Last month, new CEO John Flannery announced a strategy review after a $6.2 billion charge emerged relating to the financial services business, which is being investigated by the US authorities.
How these financial issues will play out remains to be seen, but it seems unlikely they would impact GE’s core power business, which is the mainstay of its operations in the region.
At the Riyadh conference in May, GE announced $15 billion of deals with the Kingdom, mostly in the power-generation business, but also with Saudi Aramco, the national oil giant, and in the medical technology and training sector. That is a sign of ongoing commitment to the Kingdom after GE’s decades of involvement there.

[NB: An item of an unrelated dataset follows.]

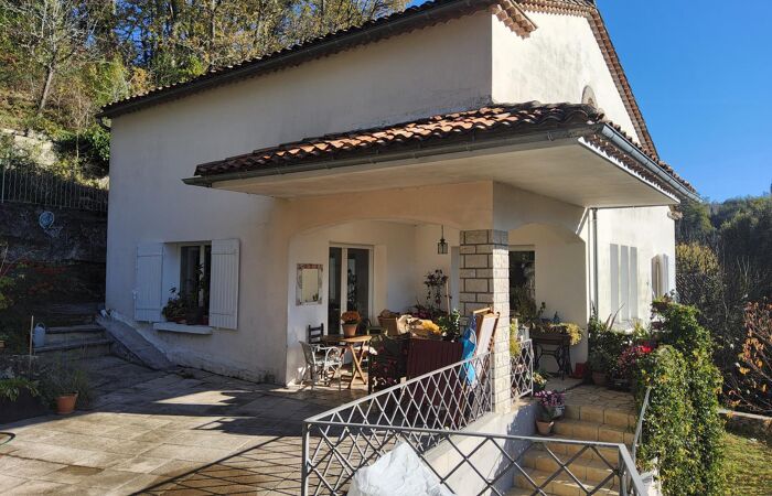 A l'extérieur, une vaste terrasse pour partie couverte, garage et superbe terrain paysagé de plus de 4 000 m² en position dominante avec vue dégagée, source et étang.
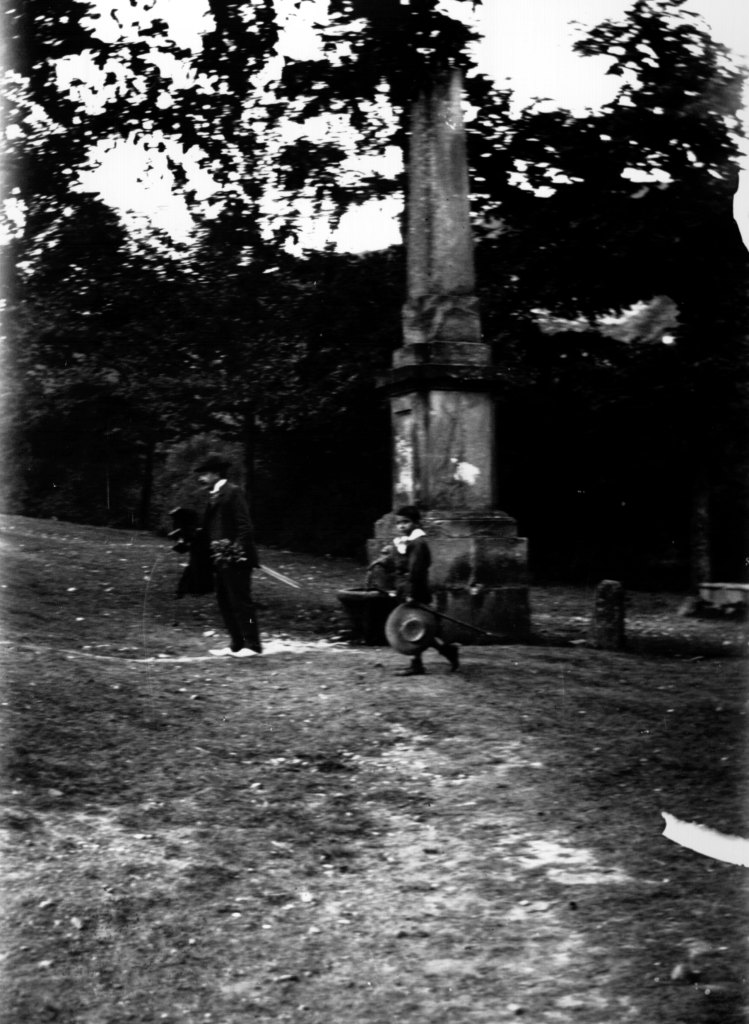 Vemos al cazador cazado, pues en esta singular ‘meta-imagen’ apreciamos a un fotógrafo realizando su labor, mientras otro capta el momento, reflejando el ‘fuera de cuadro’, con Baraibar atento en compañía de un par de mujeres. Es una de las pocas imágenes de la colección Baraibar-Elorza en donde se nos muestra ‘el cómo’, la dimensión logística y técnica de todo este legado. Este hecho vuelve a repetirse en la siguiente fotografía, donde Baraibar (o quizás Elorza) camina junto a su sobrino Antonio, acarreando una cámara fotográfica de fuelle montada en un trípode. De este modo, sabemos que en ocasiones portaban dos cámaras en sus viajes y excursiones.

“The world is transforming rapidly, and the digital industrial transformation is happening in all industries, but the transformation of energy is really what is becoming a global phenomenon. The convergence of hardware, software, controls and the cloud is a personal passion of mine,” said Stokes.
“With the astounding growth in the MENAT region over the last few years, we will continue to seek out local collaborators to make the future a reality.”